To estimate the structural dissimilarity between conformers, we used the C-alpha RMSD, which was calculated using MAMMOTH . The accessible surface area (ASA) is the surface area of a biomolecule that is accessible to a solvent. ASA calculations for each conformer were obtained using NACCESS (S. Hubbard and J. Thornton. 1993. NACCESS, Computer Program. Department of Biochemistry Molecular Biology, University College London). Global ASA corresponds to the sum of absolute ASA values of each residue and relative ASA is calculated for each amino acid in the protein by expressing the various residue accessible surfaces summed as a percentage of that observed in a ALA-X-ALA tripeptide.
To obtain a measurement of the amino acid movements, we have calculated the amount of amino acids buried (ASAs lower than 25% were considered buried, and ASAs over 25% were considered exposed) for the three populations. All the data was processed using our own scripts coded in Python.
To explore the transitions between the different secondary structures, we defined the secondary structure for each conformer using DSSP . The C-alpha and residue atoms RMSD per position was calculated using ProFit (Martin, A. C. R. and Porter, C. T. http://www.bioinf.org.uk/software/profit/). Disorder was assumed as represented by missing electron density coordinates in a structure determined by X-Ray diffraction . To define intrinsically disordered regions (IDRs) we only considered those segments with five or more consecutive missing residues which were not in the amino or carboxyl terminal ends of the protein sequence (the first and last 20 residues of the chain were excluded). Fold class and superfamily were studied using CATH database . As control and large dataset showed the same trend in terms of backbone RMSD, these structural analyses were performed only in the large dataset.
All data obtained were retrieved and processed using home-made scripts coded in Python.

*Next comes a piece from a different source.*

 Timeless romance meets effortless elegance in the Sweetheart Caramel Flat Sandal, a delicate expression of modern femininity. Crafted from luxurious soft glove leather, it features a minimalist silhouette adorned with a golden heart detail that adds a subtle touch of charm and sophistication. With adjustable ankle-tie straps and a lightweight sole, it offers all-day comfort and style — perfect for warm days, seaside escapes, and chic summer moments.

Radii of gyration and H-bonds
Radii of gyration for all PDB structures were estimated using the MMTSB tools (http://blue11.bch.msu.edu/mmtsb/Main_Page). For the calculation of the number of hydrogens bonds we used HBPLUS . Comparisons between conformers were made using our own Python scripts.

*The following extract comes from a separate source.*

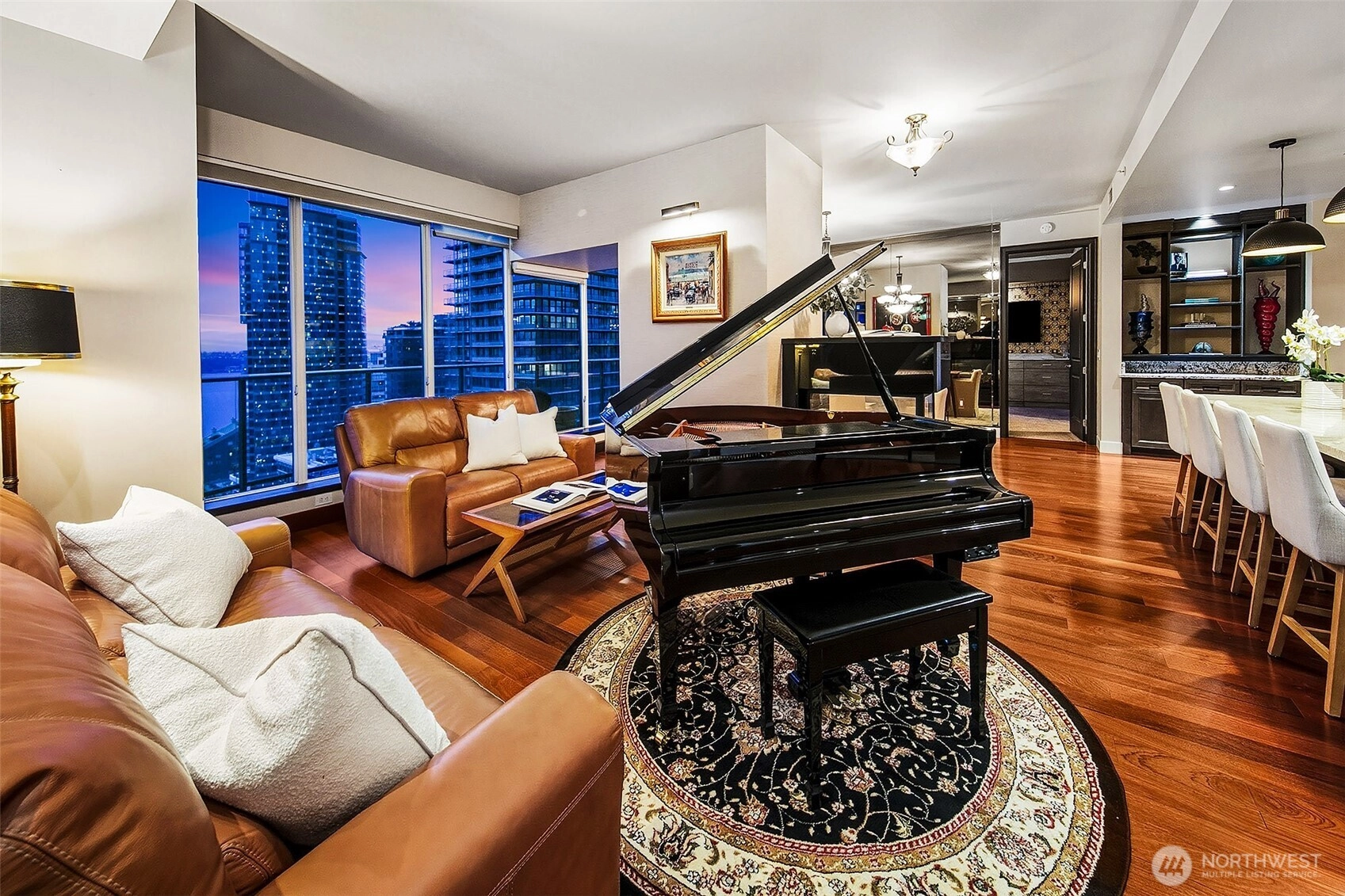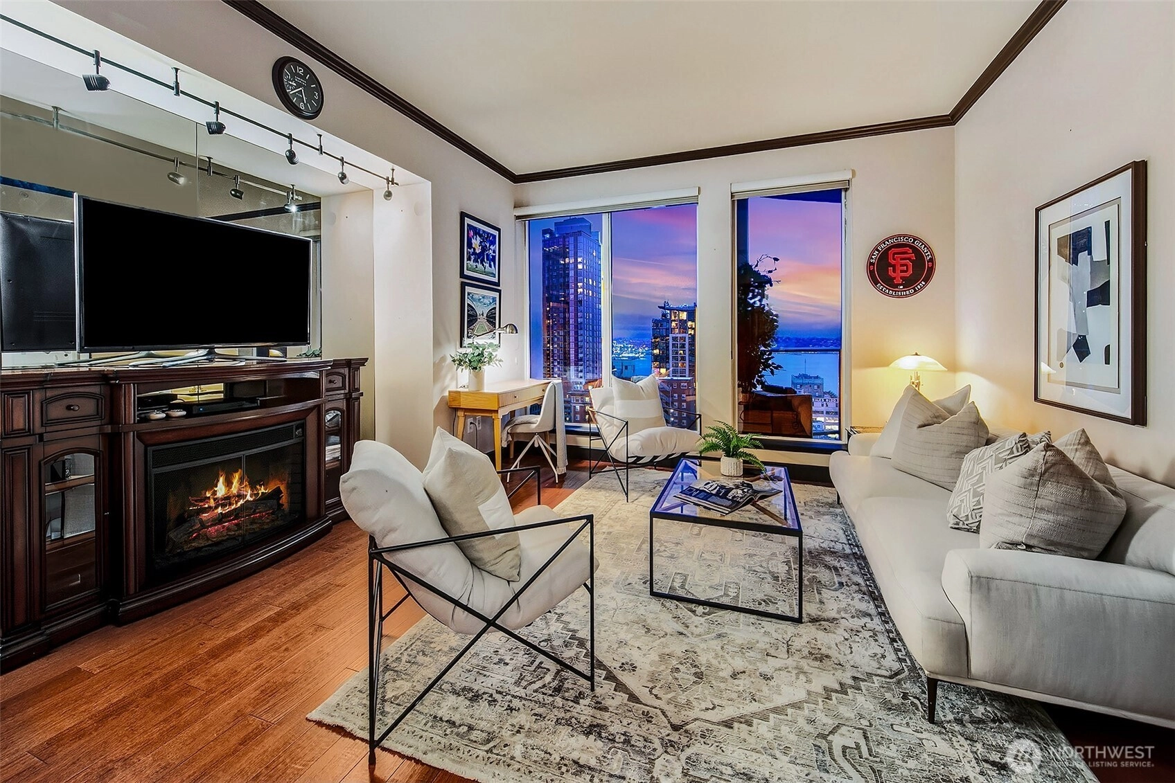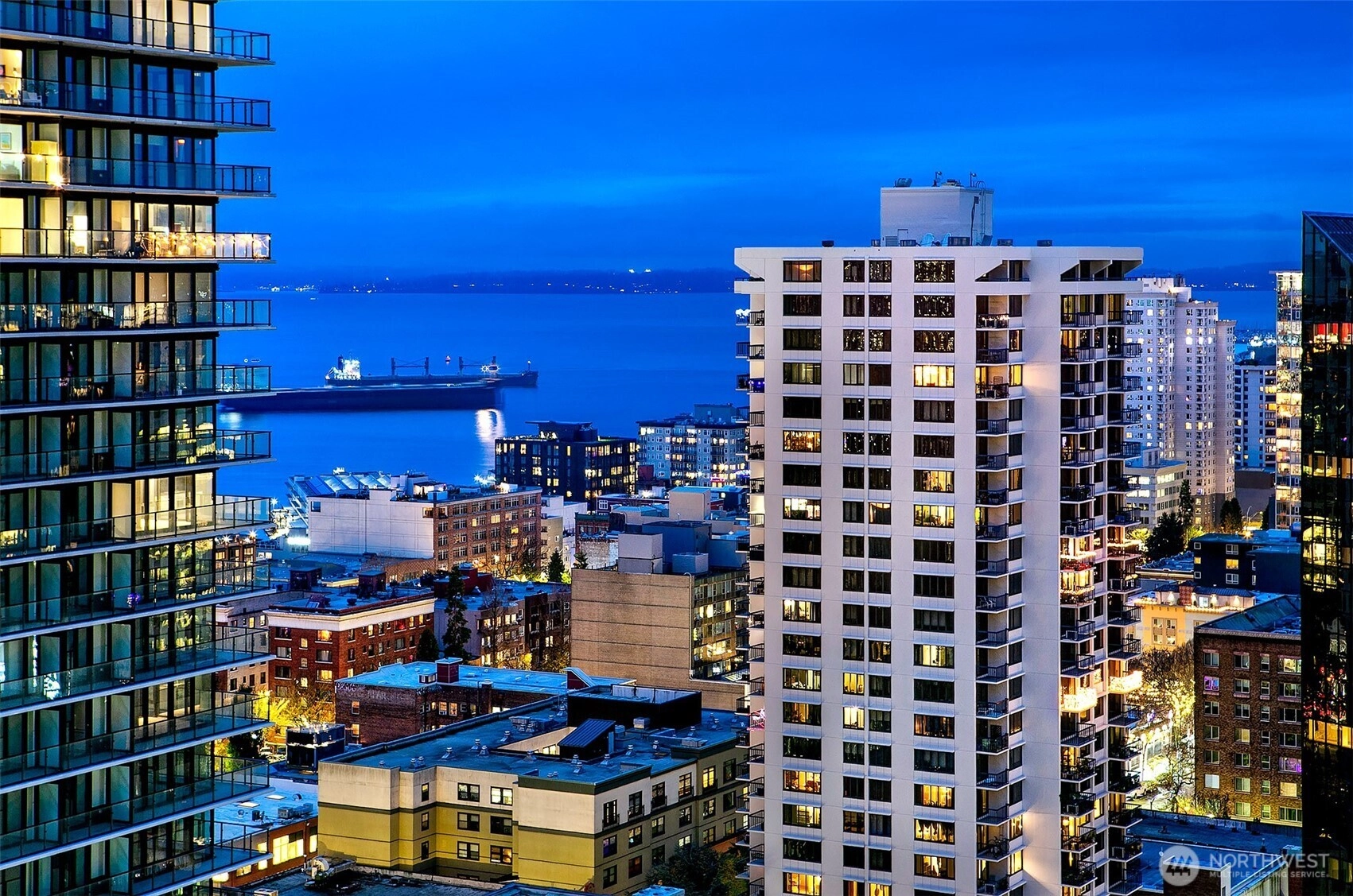 Penthouse style luxury at Escala- 23rd floor Coveted Private Vestibule near 2000 sqft- west facing water,city & mountain views.Only 10 of these floor plans in ESCALA. Unwind to the evening glow of city lights & dreamy sunsets, flanked with walls of floor to ceiling windows. Sun drenched by day -sparkling by night. Designer touches through out the home, beautiful open-concept design lovely flow between living, dining, & kitchen. Oversized slab stone island, gas cooking & cozy gas fireplace. Enjoy 2 oversized primary suites- spa like bath, amazing wardrobe room. Hardwoods throughout home.World class building & Location 24/7 staff on site- be sure to ask about all amenities.2 lap pools,sauna, fitness center.2pk 1stg.Ev capacity.

Tunnels and cavities calculation
The number of cavities and tunnels, as well as their properties, were estimated for all conformers using Fpocket  and MOLE . All data obtained were retrieved and processed using our own scripts coded in Python.
Dataset distributions were assumed to be continuous and not parametric, which was confirmed by D’Agostino and Pearson’s normal test. Comparisons within groups were made by Kolmogorov-Smirnov test, as appropriate. One-way ANOVA was used for multigroup comparisons. A P-value < 0.05 was taken to indicate statistical significance.